Berwin Pies is on the other side of town and we drive there past more boxy warehouses, Altavista on a grander scale, but with more check-cashing and more big parking lots. We drive past the beautiful lake we missed on our entrance to the town and Alice keeps her own counsel while I attempt to parallel park and then give up and pull into one of the big empty lots kitty-corner from the pizza joint. It is what you might expect, neon sign pleather booths the light a little too bright, just needs a bulb three notches warmer and it would be homey instead of bald and flea-bitten but I see they have several beers on tap and I smell pizza and we find a booth and a friendly rotund lumberjack type brings us a high chair for Honey. Alice who has been mostly silent the whole drive looks at him almost flirtatiously and says “We want beer and lots of it” and he laughs and says “Well I think we can take care of that for you” and asks what kind of beer we want and Alice says “Whatever you got” and I intervene and ask for some Oregon thing and we order a large supreme pizza and sit back and wait for all this bounty to flow in.

I expect a town of this size to feel less depopulated than Altavista but there are only three sat tables in the restaurant.
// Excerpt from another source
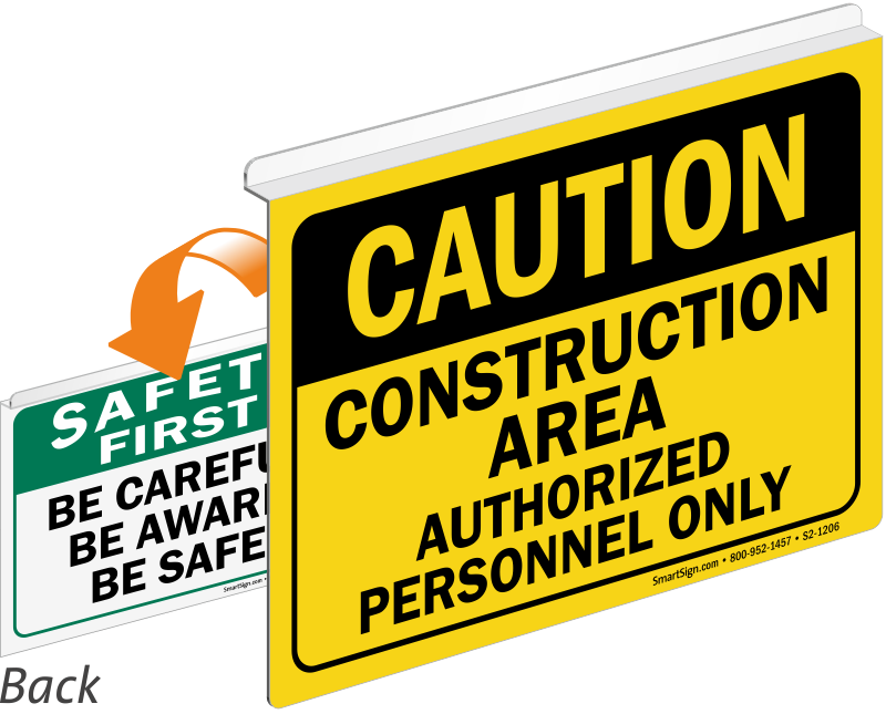 Z-Sign for Ceiling (2-Sided): Caution - Construction Area, Authorized Personnel Only (Front) / Safety First - Be Careful Aware Safe (Back)

I reflect that almost everyone I’ve seen since we came north besides Kimmy has been a teen or the aged or aging.

The beer comes and I cheers Alice and she says cheers but then sits there silently and I am not sure whether or how to make a conversation go. Honey is shredding napkins and banging her spoon gently and she is occupied and before I know it the pizza arrives and I serve all of us and cut up Honey’s piece.

Alice tries to pick up her piece and then sets it down again.

She drinks some of her beer. I’ve almost finished mine and realize I need to pace myself if I’m going to drive us home.

“I wanted to be a playwright, you know,” she says out of nowhere. I don’t really know what to say so I say “I thought you were a teacher” and she says “Yes but in my spare time I wrote plays.” She goes again. “Do you want to be a teacher?” She looks at me. “Since you work at the University?”

“No,” I say. “I don’t know what I want to be exactly. I was going to get a Ph.D. but I never really had a plan for after. I just like to know things and feel useful.”

“You should be sure you have a way to support yourself,” she says.

“My mom always said the same thing,” I say. “When my father died it was like we lost the thing about our family that said what our family was and then she had to make herself over.”